>My German is less than rudimentary. Is the Gruppe Krisis' Manifesto
>against
>Labour (<http://members.blackbox.net/oebgdk/krisis_manifest-englisch.html>http://members.blackbox.net/oebgdk/krisis_manifest-englisch.html)
>a fair summary of your tendency. I'm guessing that if I want to
>understand more I should look at Moishe Postone's Time, Labour and
>Social Domination?
Right at the start, well the second para, I came across this:
"In the wake of the micro-electronic revolution, wealth production increasingly became independent from the actual expenditure of human labour power to an extent quite recently only imaginable in science fiction. No one can seriously maintain any longer that this process can be halted or reversed. Selling the commodity labour power in the 21st century is as promising as the sale of stagecoaches has proved to be in the 20th century."

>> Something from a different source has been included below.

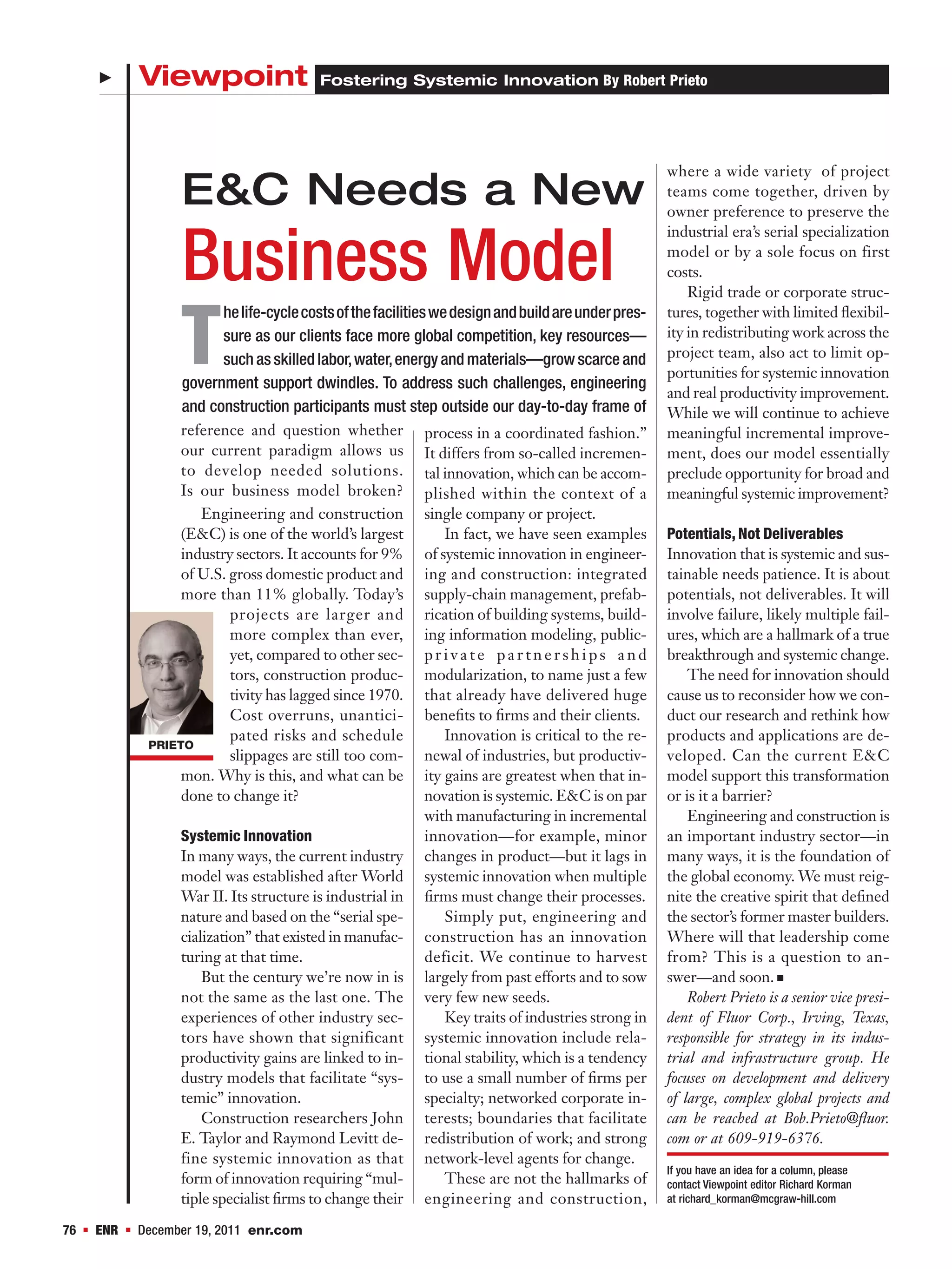 The document discusses the challenges and limitations within the engineering and construction (E&C) industry, highlighting the need for systemic innovation to address issues such as productivity lag and project complexities. It emphasizes that traditional models, rooted in serial specialization, may impede meaningful progress and questions whether these models are broken. The piece argues for a reevaluation of industry practices to foster collaboration and innovation, as seen in other sectors, to sustain growth and enhance competitiveness.

This was a promising start to some kind of political satire, I read on. But a few paras later there was not only no punch line, but the joke seemed to be falling flat. I started wondering if the author was actually serious.
Somebody please help, the writing style is too turgid to endure reading the whole thing, unless it is a joke. A manifesto premised on such an absurd analysis had better be a joke, tell me its a joke, tell me its got a hilarious punch line somewhere?